- Illustration of three types of atherectomy devices being used to remove plaque in a blood vessel
- Specialty: Cardiology
- ICD-9-CM: 39.50, 00.61 -00.62
- MeSH: D017073

= Atherectomy =

Surgical removal of atherosclerosis from the walls of arteries

Atherectomy is a minimally invasive technique for removing atherosclerosis from blood vessels within the body. It is an alternative to angioplasty for the treatment of peripheral artery disease, but the studies that exist are not adequate to determine whether it is superior to angioplasty. It has also been used to treat coronary artery disease, albeit without evidence of superiority to angioplasty.

==Uses==
Atherectomy is used to treat narrowing in arteries caused by peripheral artery disease and coronary artery disease.

==Controversy==
The use of atherectomy instead of or in addition to angioplasty remains an area of controversy, as atherectomy typically involves the use of more costly disposable devices, and clear evidence to justify its use is lacking. Atherectomy has high physician reimbursement relative to angioplasty alone. According to The New York Times, 'Medical device makers have bankrolled a cottage industry of doctors and clinics that perform artery-clearing procedures that can lead to amputations.'

==Technique==
Unlike angioplasty and stents, which push plaque into the vessel wall, atherectomy cuts plaque from the wall of the artery. While atherectomy is usually employed to treat arteries it can be used in veins and vascular bypass grafts as well.

Atherectomy falls under the general category of percutaneous revascularization, which implies re-canalizing blocked vasculature via a needle puncture in the skin. The most common access point is near the groin through the common femoral artery (CFA). Other common places are the brachial artery, radial artery, popliteal artery, dorsalis pedis, and others.

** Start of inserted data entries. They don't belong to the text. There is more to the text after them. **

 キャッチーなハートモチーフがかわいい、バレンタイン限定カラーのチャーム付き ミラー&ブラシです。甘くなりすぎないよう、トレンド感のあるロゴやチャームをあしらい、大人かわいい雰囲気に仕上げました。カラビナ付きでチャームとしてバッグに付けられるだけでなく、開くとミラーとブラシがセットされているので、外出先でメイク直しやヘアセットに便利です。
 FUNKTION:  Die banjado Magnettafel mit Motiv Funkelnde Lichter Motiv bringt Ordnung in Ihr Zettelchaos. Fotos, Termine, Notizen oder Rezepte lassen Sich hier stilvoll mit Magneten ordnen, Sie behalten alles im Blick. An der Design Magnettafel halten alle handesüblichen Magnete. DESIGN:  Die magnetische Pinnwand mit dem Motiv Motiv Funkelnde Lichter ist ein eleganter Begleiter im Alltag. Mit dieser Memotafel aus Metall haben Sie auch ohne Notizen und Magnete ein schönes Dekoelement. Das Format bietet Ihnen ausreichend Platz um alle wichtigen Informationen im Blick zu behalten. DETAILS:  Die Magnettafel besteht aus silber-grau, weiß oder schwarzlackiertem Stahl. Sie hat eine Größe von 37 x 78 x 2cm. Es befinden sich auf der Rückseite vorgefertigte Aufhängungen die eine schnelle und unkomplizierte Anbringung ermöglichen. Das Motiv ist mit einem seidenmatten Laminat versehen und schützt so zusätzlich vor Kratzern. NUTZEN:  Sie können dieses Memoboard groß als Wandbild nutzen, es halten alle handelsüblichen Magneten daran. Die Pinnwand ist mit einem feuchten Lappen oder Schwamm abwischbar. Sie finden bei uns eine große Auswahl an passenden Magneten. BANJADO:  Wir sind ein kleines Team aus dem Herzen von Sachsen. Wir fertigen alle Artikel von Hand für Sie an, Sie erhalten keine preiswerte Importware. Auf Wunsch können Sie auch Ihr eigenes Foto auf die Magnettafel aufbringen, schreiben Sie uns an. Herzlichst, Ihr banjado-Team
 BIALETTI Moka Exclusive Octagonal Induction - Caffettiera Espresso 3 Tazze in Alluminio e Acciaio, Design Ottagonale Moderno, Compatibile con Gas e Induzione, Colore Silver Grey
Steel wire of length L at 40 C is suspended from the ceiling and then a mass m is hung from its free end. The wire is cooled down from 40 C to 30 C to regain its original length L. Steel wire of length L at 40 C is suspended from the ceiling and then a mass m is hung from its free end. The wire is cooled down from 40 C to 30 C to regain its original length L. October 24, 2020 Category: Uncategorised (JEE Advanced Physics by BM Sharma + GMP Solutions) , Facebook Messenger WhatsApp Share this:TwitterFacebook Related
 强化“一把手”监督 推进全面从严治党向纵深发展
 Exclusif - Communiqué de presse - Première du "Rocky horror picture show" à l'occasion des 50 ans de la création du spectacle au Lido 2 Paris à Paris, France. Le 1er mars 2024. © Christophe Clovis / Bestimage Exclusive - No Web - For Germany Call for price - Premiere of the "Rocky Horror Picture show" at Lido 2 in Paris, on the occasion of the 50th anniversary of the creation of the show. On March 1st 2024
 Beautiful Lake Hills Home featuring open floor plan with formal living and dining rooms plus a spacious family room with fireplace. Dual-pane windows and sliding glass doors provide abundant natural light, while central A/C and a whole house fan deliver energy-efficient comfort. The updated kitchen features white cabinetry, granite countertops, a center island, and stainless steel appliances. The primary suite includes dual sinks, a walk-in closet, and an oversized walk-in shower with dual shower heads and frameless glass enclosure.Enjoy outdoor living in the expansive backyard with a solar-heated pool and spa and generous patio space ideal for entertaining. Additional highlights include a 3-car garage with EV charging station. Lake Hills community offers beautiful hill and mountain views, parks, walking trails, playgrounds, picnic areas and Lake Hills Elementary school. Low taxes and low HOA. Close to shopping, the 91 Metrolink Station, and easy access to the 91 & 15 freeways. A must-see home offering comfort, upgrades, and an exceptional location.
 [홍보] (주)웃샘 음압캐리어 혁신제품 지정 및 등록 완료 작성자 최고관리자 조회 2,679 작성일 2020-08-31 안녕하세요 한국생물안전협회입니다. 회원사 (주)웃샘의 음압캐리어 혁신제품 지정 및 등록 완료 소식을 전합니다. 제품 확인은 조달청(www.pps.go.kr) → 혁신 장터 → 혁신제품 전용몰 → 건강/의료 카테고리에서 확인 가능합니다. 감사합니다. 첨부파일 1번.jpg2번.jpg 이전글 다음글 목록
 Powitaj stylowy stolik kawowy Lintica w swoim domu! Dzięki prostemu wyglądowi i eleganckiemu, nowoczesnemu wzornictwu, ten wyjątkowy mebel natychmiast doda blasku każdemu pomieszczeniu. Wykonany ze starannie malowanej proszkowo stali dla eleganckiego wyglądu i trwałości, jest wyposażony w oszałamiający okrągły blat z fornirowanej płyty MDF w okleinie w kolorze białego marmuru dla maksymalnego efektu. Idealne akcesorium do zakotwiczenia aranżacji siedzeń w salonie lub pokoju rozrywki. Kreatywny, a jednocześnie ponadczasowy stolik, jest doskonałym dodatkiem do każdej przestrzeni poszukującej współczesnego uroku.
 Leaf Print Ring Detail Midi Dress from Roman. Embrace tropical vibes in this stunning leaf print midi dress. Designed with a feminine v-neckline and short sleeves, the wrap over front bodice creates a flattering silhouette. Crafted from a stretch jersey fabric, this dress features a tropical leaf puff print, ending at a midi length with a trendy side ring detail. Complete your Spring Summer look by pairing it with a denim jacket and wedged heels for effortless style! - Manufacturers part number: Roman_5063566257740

There are four types of atherectomy devices: orbital, rotational, laser, and directional.

The decision to use which type of device is made by the interventionist, based on a number of factors. They include the type of lesion being treated, the physician's experience with each device, and interpretation of the devices' risks and effectiveness, based on a review of the medical literature.

Directional atherectomy is an intravascular procedure guided by optical coherence tomography termed as lumivascular atherectomy.